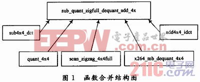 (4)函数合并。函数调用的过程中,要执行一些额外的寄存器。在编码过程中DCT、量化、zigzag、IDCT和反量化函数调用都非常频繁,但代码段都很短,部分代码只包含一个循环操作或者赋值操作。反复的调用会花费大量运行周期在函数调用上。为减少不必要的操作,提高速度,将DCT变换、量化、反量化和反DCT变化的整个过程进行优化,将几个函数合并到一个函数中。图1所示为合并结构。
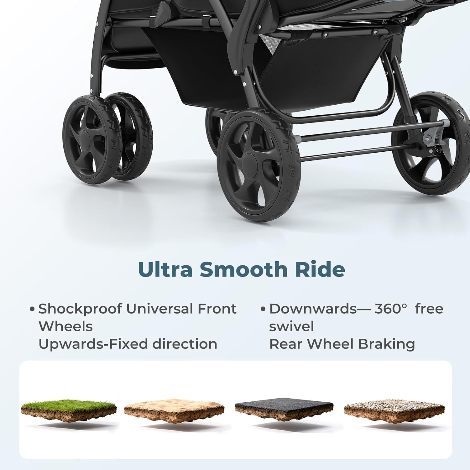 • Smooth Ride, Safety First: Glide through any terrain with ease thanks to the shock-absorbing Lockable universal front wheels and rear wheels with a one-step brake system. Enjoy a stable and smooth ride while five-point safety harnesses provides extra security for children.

--

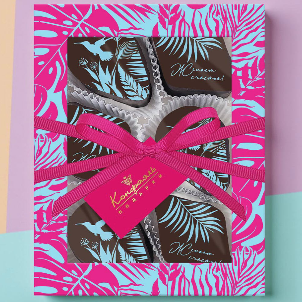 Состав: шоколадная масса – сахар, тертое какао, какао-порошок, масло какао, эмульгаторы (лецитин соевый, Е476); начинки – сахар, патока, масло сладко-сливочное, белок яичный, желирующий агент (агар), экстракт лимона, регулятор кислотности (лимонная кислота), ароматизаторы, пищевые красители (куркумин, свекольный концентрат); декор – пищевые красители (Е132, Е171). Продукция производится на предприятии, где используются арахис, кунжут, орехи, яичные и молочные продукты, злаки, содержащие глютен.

---

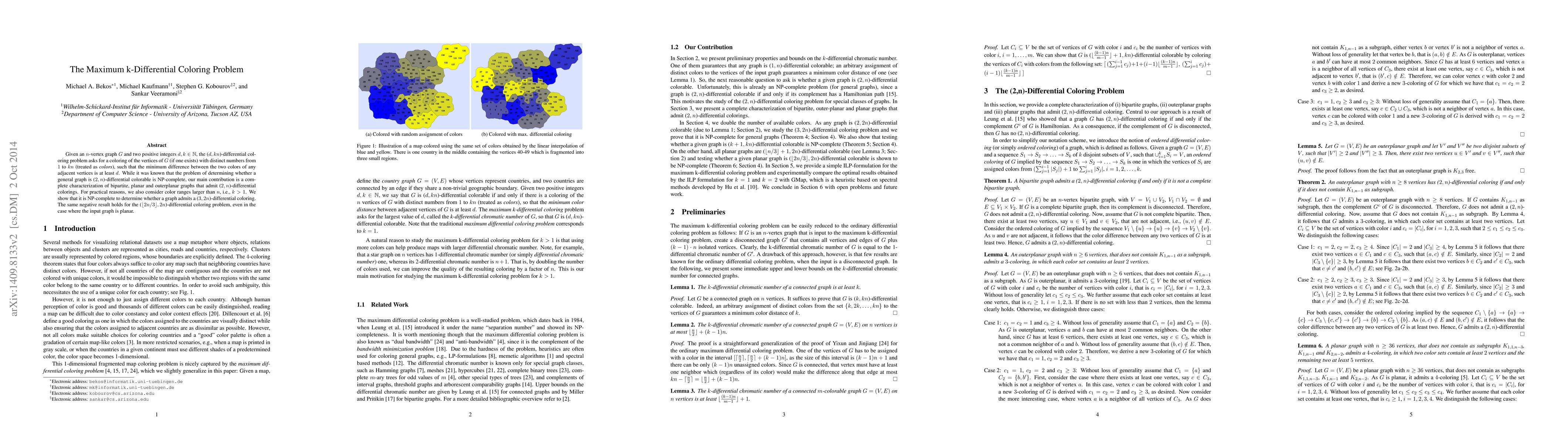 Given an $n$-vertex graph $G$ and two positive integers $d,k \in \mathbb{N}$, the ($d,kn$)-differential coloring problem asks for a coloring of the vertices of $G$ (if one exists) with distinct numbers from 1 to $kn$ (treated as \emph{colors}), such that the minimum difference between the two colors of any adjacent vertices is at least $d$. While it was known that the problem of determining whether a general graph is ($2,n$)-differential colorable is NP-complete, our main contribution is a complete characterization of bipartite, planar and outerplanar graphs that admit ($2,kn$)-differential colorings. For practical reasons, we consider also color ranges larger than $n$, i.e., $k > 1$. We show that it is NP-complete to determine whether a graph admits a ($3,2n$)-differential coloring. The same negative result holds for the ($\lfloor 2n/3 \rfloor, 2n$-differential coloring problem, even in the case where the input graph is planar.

# Task statement
From the material above, output only the span of lines that starts at the one containing "(4)函数合并。函数调用的过" and finishes at the one containing "security for children.", word for word and free of pictures.

# Reply to the task
 (4)函数合并。函数调用的过程中,要执行一些额外的寄存器。在编码过程中DCT、量化、zigzag、IDCT和反量化函数调用都非常频繁,但代码段都很短,部分代码只包含一个循环操作或者赋值操作。反复的调用会花费大量运行周期在函数调用上。为减少不必要的操作,提高速度,将DCT变换、量化、反量化和反DCT变化的整个过程进行优化,将几个函数合并到一个函数中。图1所示为合并结构。
 • Smooth Ride, Safety First: Glide through any terrain with ease thanks to the shock-absorbing Lockable universal front wheels and rear wheels with a one-step brake system. Enjoy a stable and smooth ride while five-point safety harnesses provides extra security for children.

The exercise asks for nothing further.